**TASK OBJECTIVE**
The whole listing should be retyped word for word, apart from the pictures it holds.

**COLLECTED MATERIAL**
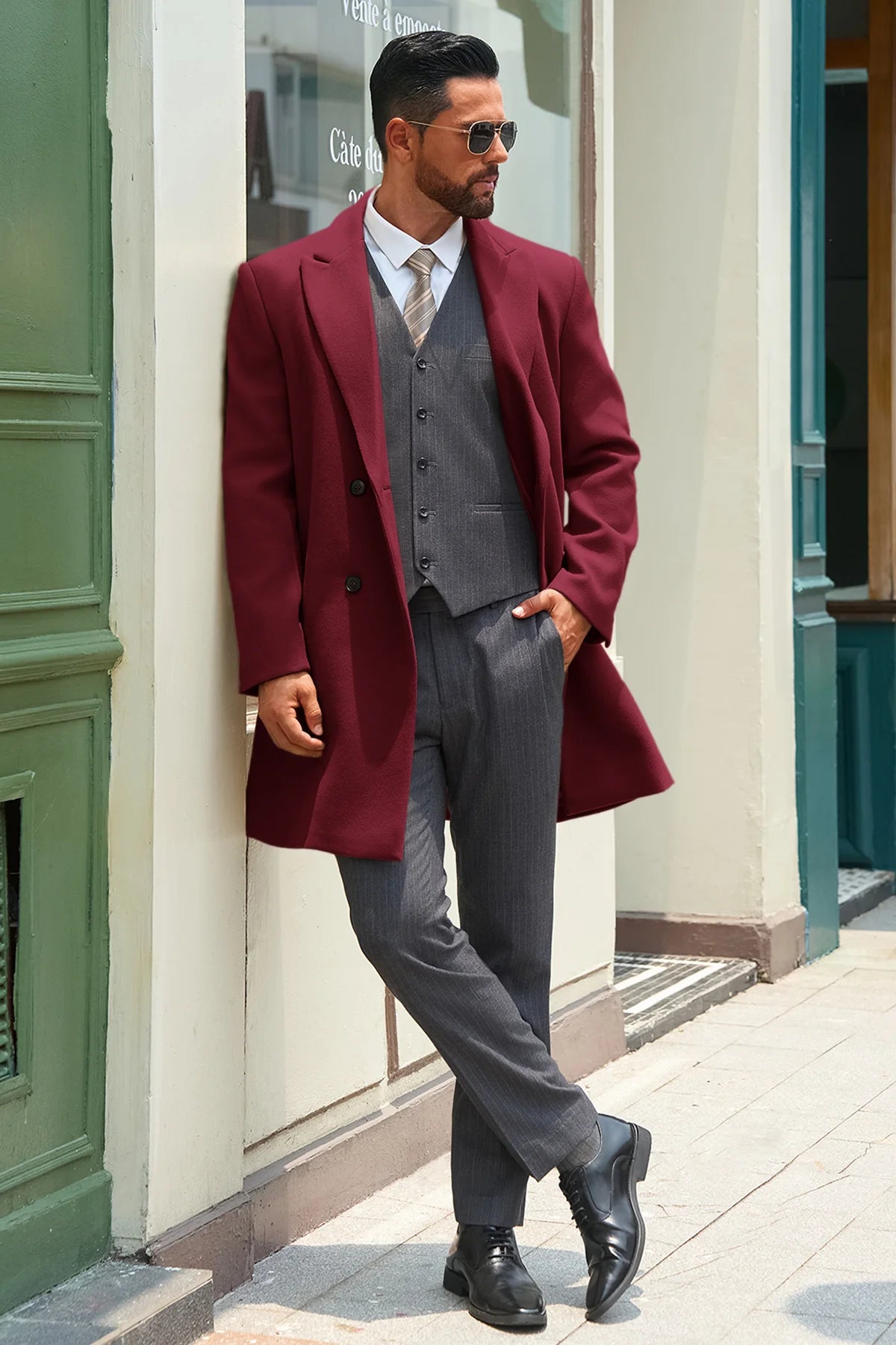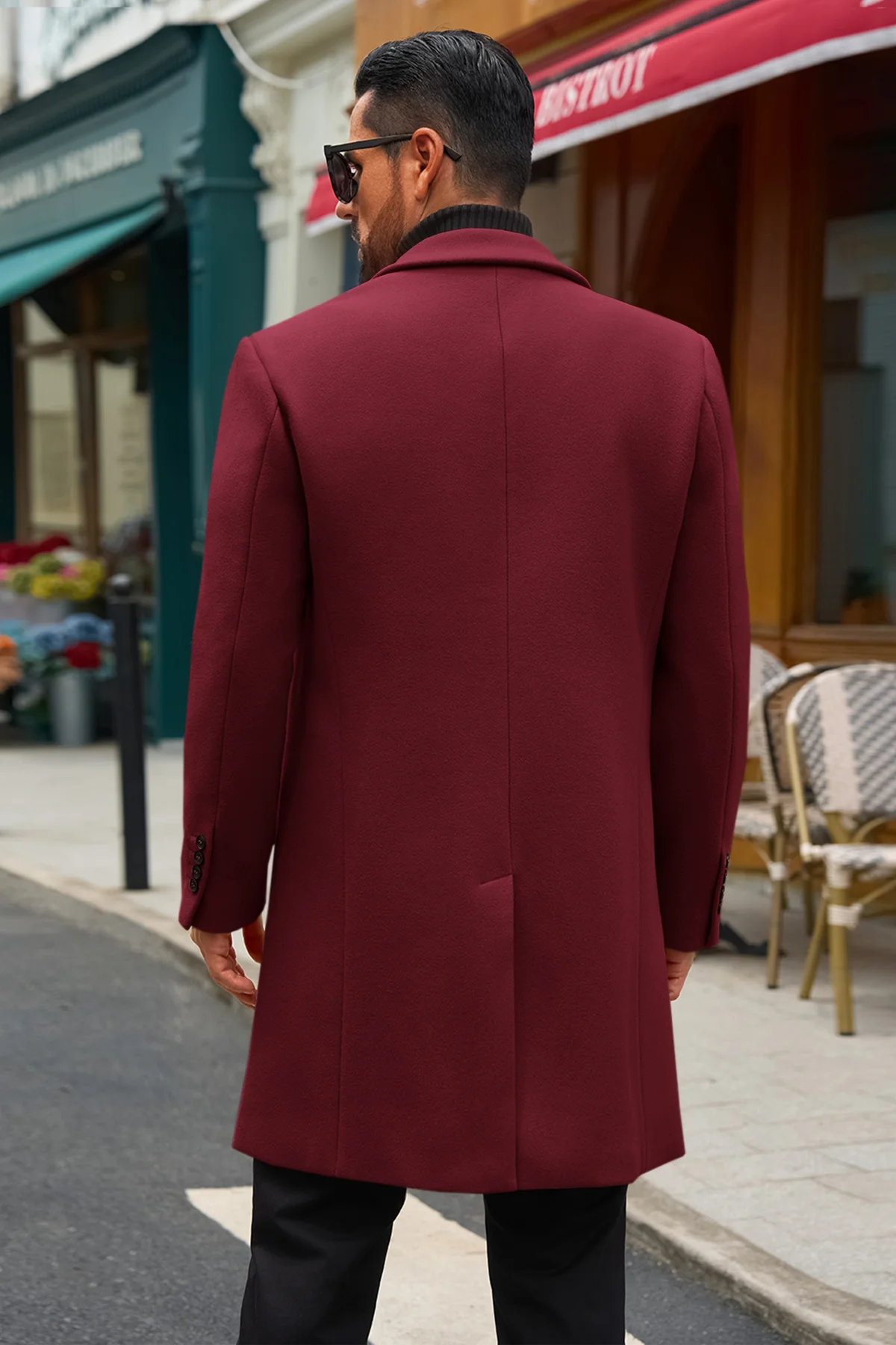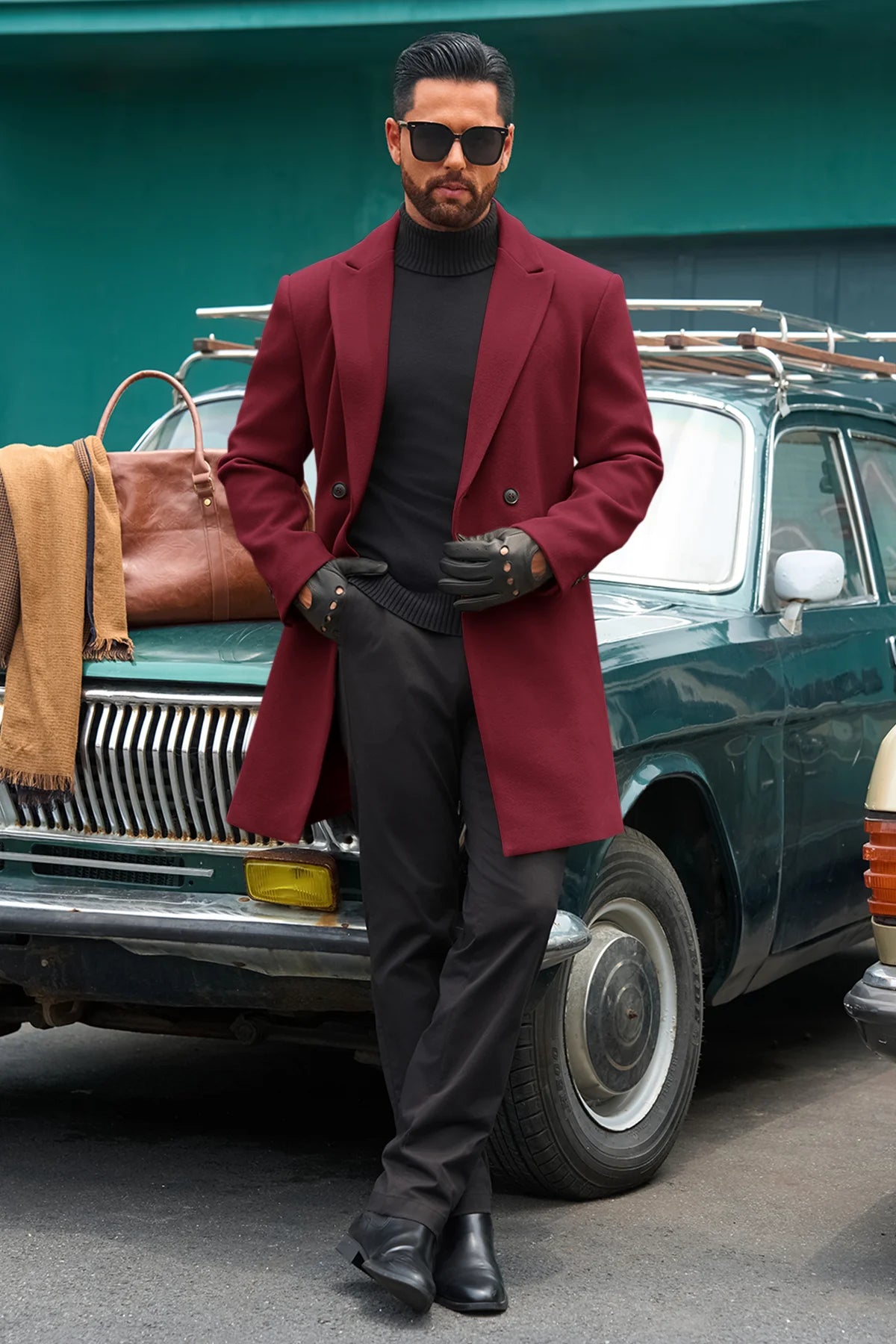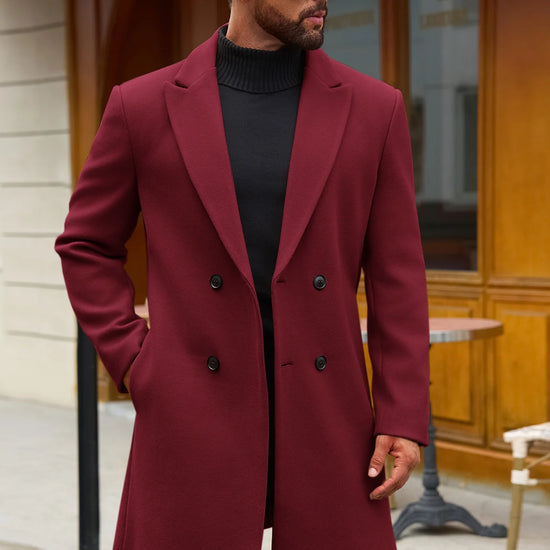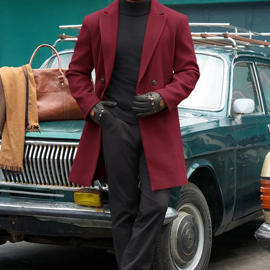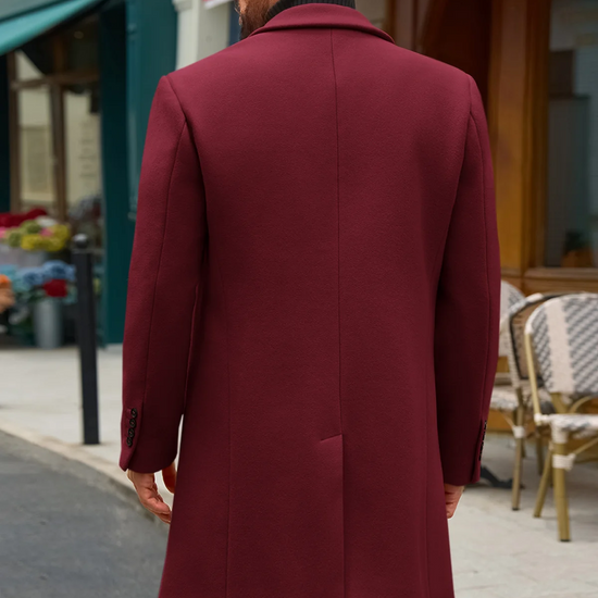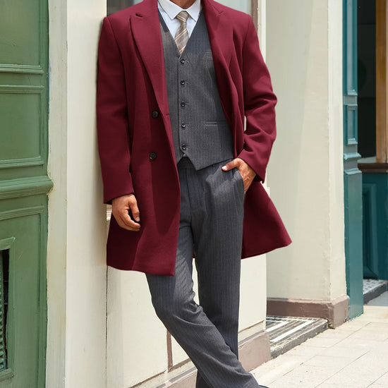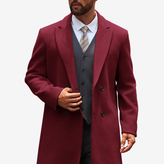 Runcati Mens Burgundy Mid Long Pea Coat
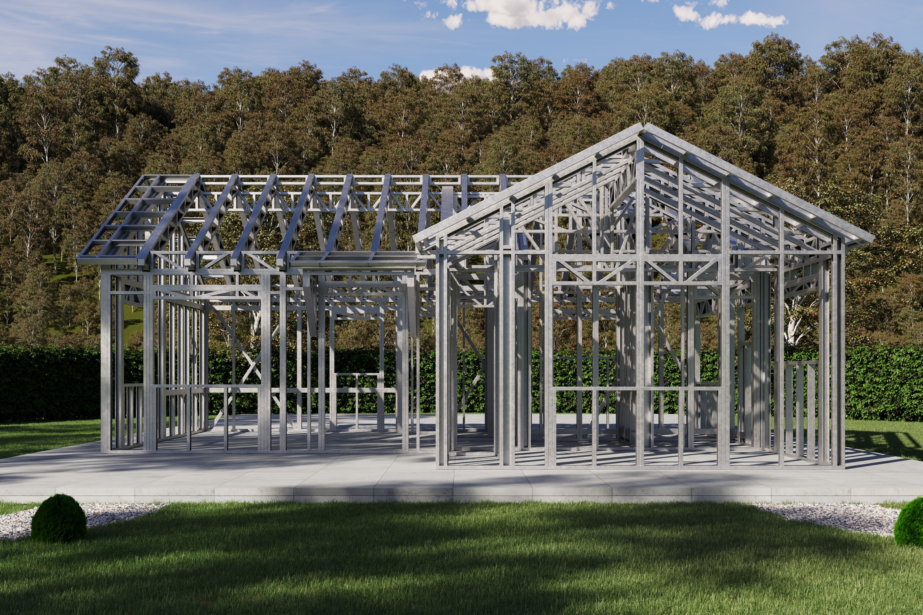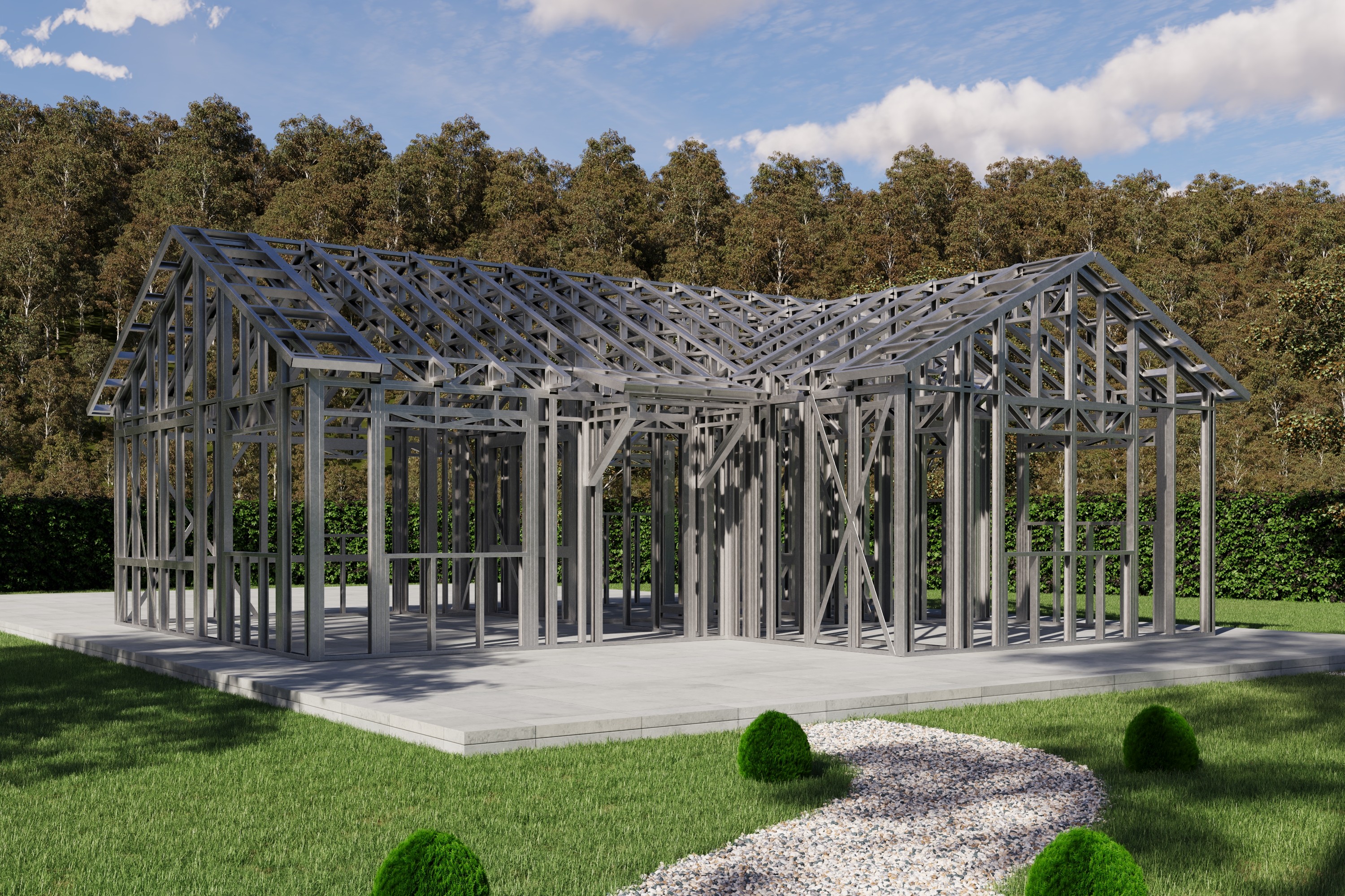 - Cold-Formed Steel Skeleton: Complete frame; wall panels, beams, trusses, floor joists (if applicable), fasteners, and hardware for you to erect your skeleton.
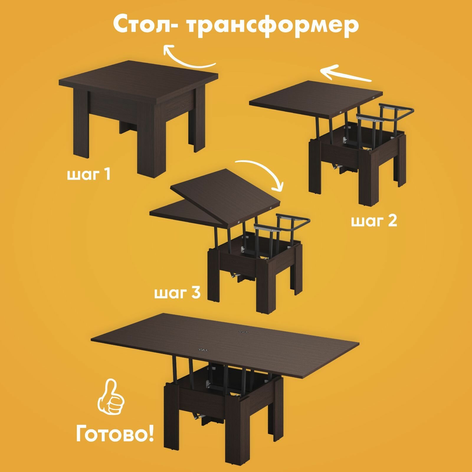 СохранитьСтол трансформер журнальный Элит, обеденный, стол кухонный раскладной, лофт, ЛДСП, коричневый, АМИ мебель Беларусь интересное:
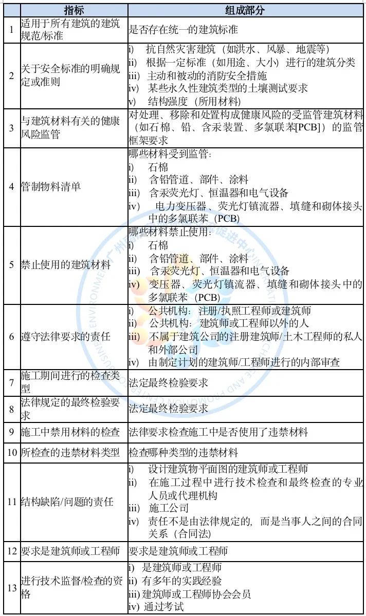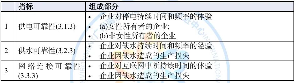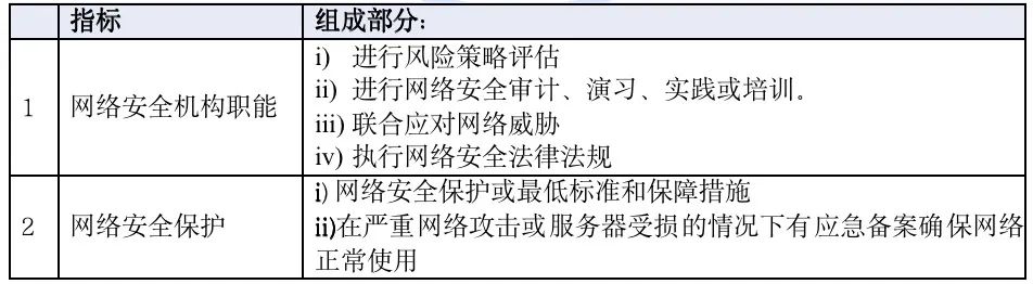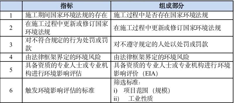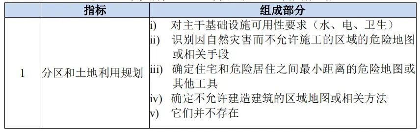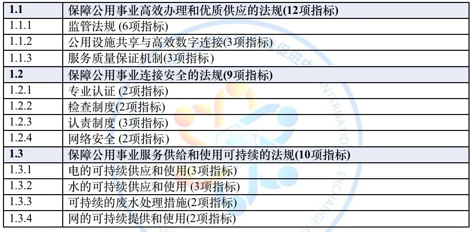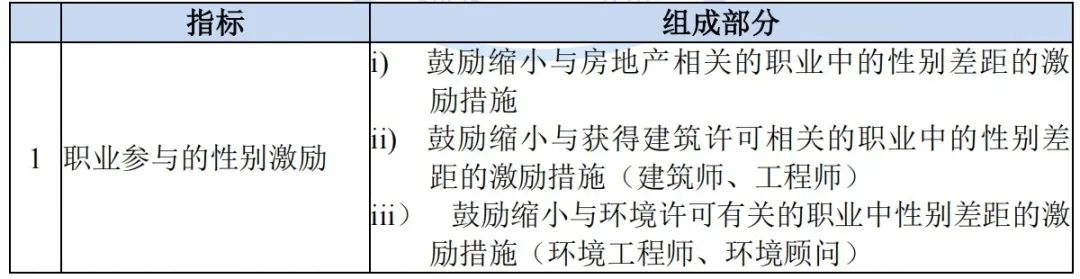 类别 1.1 有五个子类别,由几个指标组成,每个指标又可能包括几个组成部分。

**RESULT OF THIS TASK**
 Runcati Mens Burgundy Mid Long Pea Coat
 - Cold-Formed Steel Skeleton: Complete frame; wall panels, beams, trusses, floor joists (if applicable), fasteners, and hardware for you to erect your skeleton.
 СохранитьСтол трансформер журнальный Элит, обеденный, стол кухонный раскладной, лофт, ЛДСП, коричневый, АМИ мебель Беларусь интересное:
 类别 1.1 有五个子类别,由几个指标组成,每个指标又可能包括几个组成部分。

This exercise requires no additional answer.